**WORK TO COMPLETE:** Whatever pictures appear, omit them, and repeat the data below exactly.

(Records excerpted from a collection)
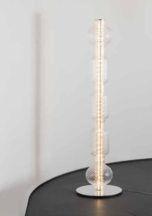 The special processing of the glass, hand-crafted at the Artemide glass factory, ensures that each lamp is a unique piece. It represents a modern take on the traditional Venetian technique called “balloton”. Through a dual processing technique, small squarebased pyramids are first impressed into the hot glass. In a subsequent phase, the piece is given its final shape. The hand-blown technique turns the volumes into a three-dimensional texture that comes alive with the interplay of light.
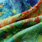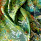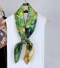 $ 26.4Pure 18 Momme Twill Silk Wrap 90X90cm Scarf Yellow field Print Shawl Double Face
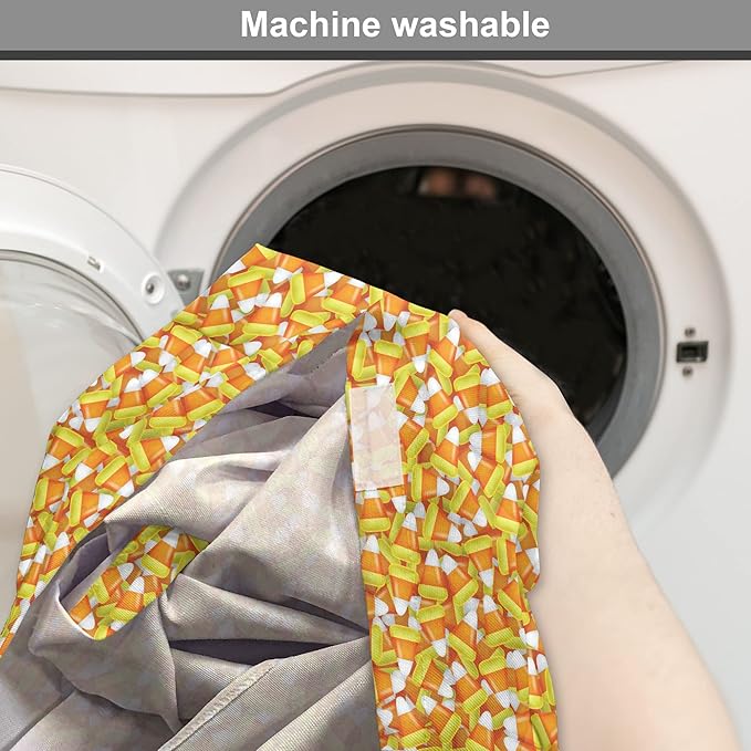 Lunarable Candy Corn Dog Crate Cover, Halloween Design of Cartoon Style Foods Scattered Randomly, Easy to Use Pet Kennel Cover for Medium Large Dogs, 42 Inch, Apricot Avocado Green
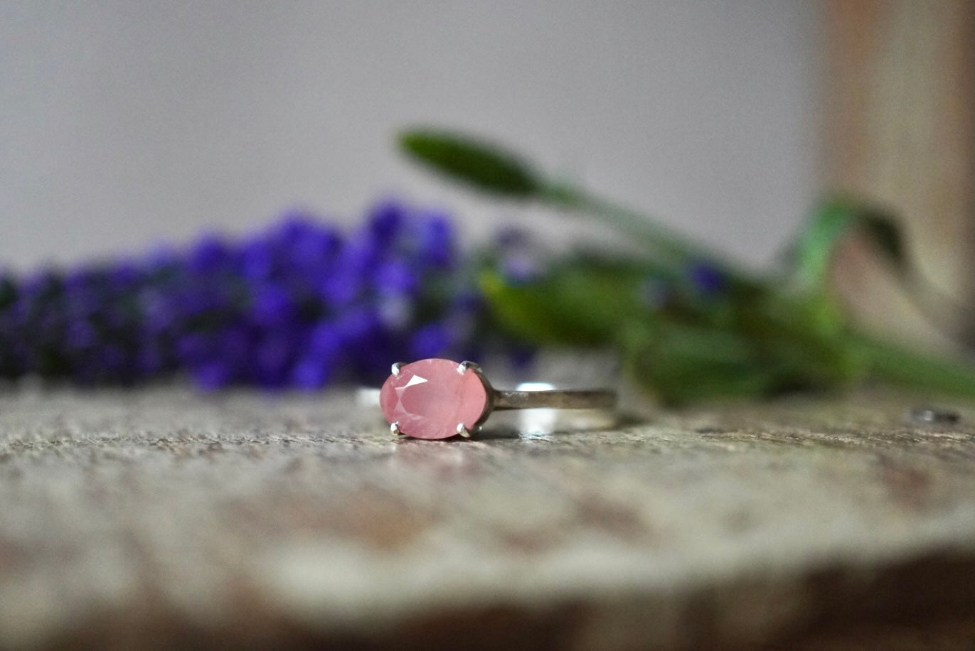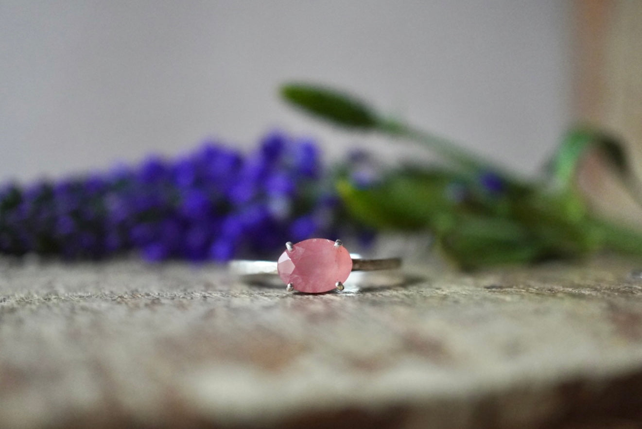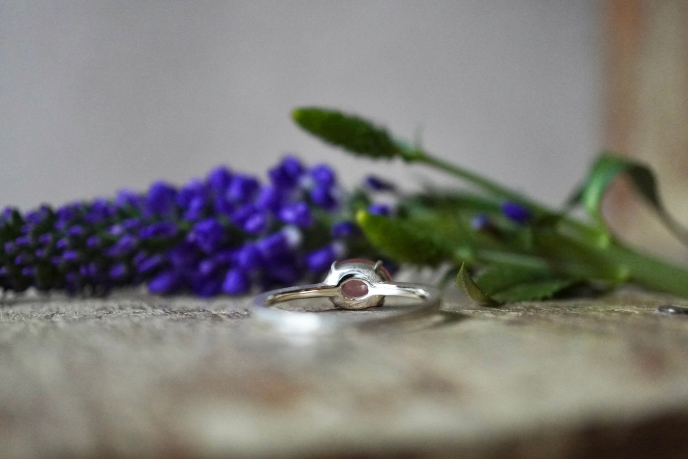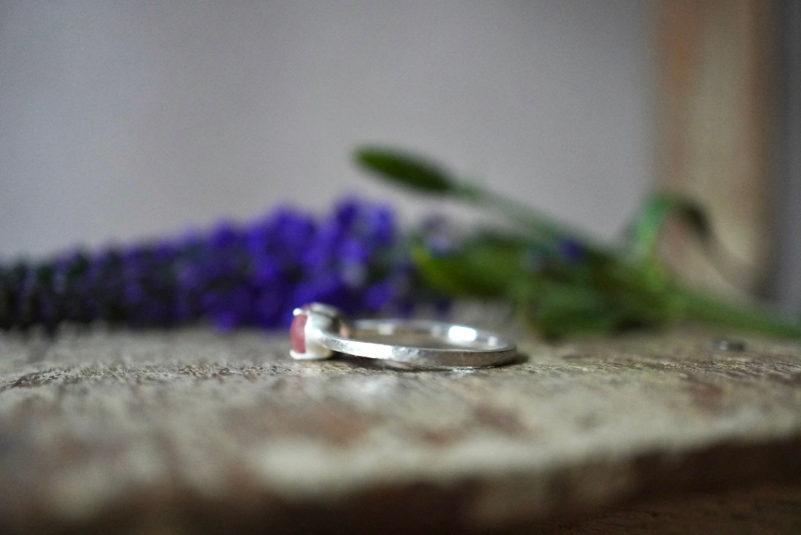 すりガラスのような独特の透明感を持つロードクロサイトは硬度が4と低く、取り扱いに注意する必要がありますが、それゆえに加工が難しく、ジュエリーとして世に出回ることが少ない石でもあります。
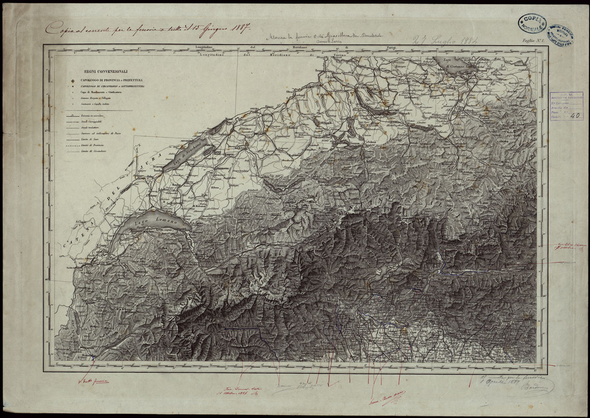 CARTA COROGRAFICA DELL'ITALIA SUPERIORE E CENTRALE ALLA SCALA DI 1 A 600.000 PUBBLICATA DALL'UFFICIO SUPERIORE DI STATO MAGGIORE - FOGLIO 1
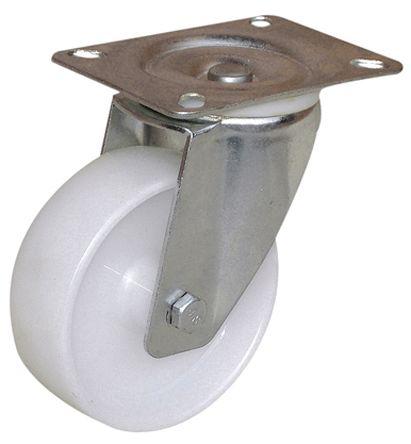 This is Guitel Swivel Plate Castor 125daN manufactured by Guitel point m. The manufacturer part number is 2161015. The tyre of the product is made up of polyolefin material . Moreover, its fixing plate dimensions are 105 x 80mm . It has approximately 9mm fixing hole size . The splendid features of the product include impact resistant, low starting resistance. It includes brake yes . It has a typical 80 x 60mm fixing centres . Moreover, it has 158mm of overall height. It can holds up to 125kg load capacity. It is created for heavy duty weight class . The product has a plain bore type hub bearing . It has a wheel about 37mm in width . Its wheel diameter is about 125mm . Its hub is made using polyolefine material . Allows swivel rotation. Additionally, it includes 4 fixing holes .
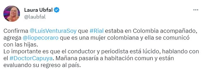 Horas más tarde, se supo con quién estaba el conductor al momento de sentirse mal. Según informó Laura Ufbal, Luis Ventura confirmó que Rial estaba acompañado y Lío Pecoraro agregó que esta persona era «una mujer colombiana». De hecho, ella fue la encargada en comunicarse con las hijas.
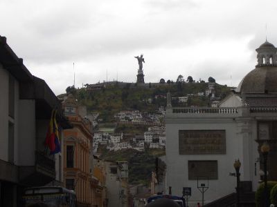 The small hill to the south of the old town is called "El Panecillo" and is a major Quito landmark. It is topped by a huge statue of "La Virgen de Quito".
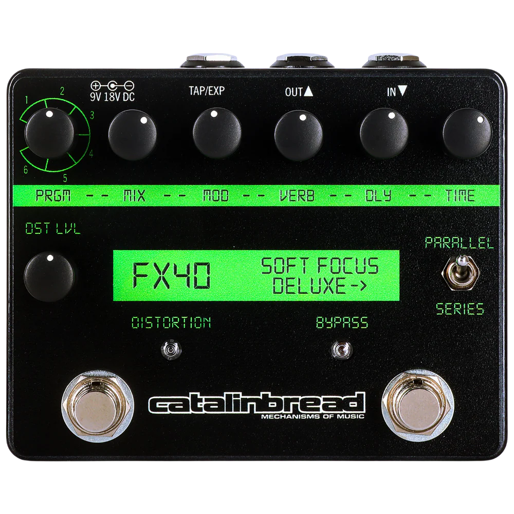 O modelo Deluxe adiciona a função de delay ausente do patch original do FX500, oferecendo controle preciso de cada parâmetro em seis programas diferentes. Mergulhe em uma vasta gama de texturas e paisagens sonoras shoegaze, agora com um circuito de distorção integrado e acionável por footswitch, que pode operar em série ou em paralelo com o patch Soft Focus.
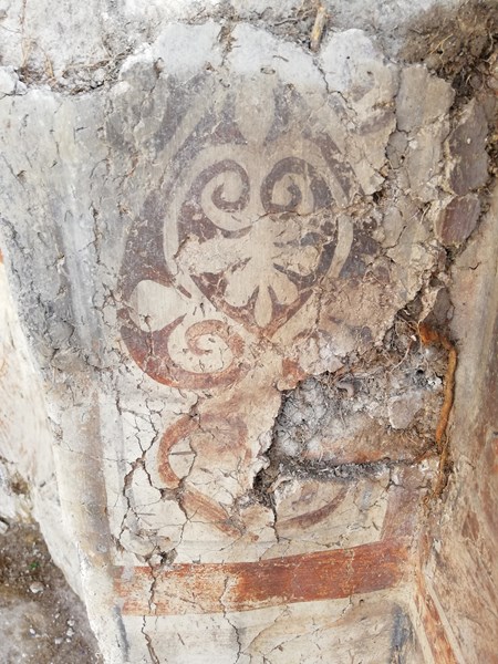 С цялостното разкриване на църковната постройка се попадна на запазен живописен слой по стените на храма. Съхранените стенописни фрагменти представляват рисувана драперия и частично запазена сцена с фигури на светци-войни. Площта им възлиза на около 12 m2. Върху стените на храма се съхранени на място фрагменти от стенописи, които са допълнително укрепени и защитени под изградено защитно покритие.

**EXERCISE OUTPUT:**
 The special processing of the glass, hand-crafted at the Artemide glass factory, ensures that each lamp is a unique piece. It represents a modern take on the traditional Venetian technique called “balloton”. Through a dual processing technique, small squarebased pyramids are first impressed into the hot glass. In a subsequent phase, the piece is given its final shape. The hand-blown technique turns the volumes into a three-dimensional texture that comes alive with the interplay of light.
 $ 26.4Pure 18 Momme Twill Silk Wrap 90X90cm Scarf Yellow field Print Shawl Double Face
 Lunarable Candy Corn Dog Crate Cover, Halloween Design of Cartoon Style Foods Scattered Randomly, Easy to Use Pet Kennel Cover for Medium Large Dogs, 42 Inch, Apricot Avocado Green
 すりガラスのような独特の透明感を持つロードクロサイトは硬度が4と低く、取り扱いに注意する必要がありますが、それゆえに加工が難しく、ジュエリーとして世に出回ることが少ない石でもあります。
 CARTA COROGRAFICA DELL'ITALIA SUPERIORE E CENTRALE ALLA SCALA DI 1 A 600.000 PUBBLICATA DALL'UFFICIO SUPERIORE DI STATO MAGGIORE - FOGLIO 1
 This is Guitel Swivel Plate Castor 125daN manufactured by Guitel point m. The manufacturer part number is 2161015. The tyre of the product is made up of polyolefin material . Moreover, its fixing plate dimensions are 105 x 80mm . It has approximately 9mm fixing hole size . The splendid features of the product include impact resistant, low starting resistance. It includes brake yes . It has a typical 80 x 60mm fixing centres . Moreover, it has 158mm of overall height. It can holds up to 125kg load capacity. It is created for heavy duty weight class . The product has a plain bore type hub bearing . It has a wheel about 37mm in width . Its wheel diameter is about 125mm . Its hub is made using polyolefine material . Allows swivel rotation. Additionally, it includes 4 fixing holes .
 Horas más tarde, se supo con quién estaba el conductor al momento de sentirse mal. Según informó Laura Ufbal, Luis Ventura confirmó que Rial estaba acompañado y Lío Pecoraro agregó que esta persona era «una mujer colombiana». De hecho, ella fue la encargada en comunicarse con las hijas.
 The small hill to the south of the old town is called "El Panecillo" and is a major Quito landmark. It is topped by a huge statue of "La Virgen de Quito".
 O modelo Deluxe adiciona a função de delay ausente do patch original do FX500, oferecendo controle preciso de cada parâmetro em seis programas diferentes. Mergulhe em uma vasta gama de texturas e paisagens sonoras shoegaze, agora com um circuito de distorção integrado e acionável por footswitch, que pode operar em série ou em paralelo com o patch Soft Focus.
 С цялостното разкриване на църковната постройка се попадна на запазен живописен слой по стените на храма. Съхранените стенописни фрагменти представляват рисувана драперия и частично запазена сцена с фигури на светци-войни. Площта им възлиза на около 12 m2. Върху стените на храма се съхранени на място фрагменти от стенописи, които са допълнително укрепени и защитени под изградено защитно покритие.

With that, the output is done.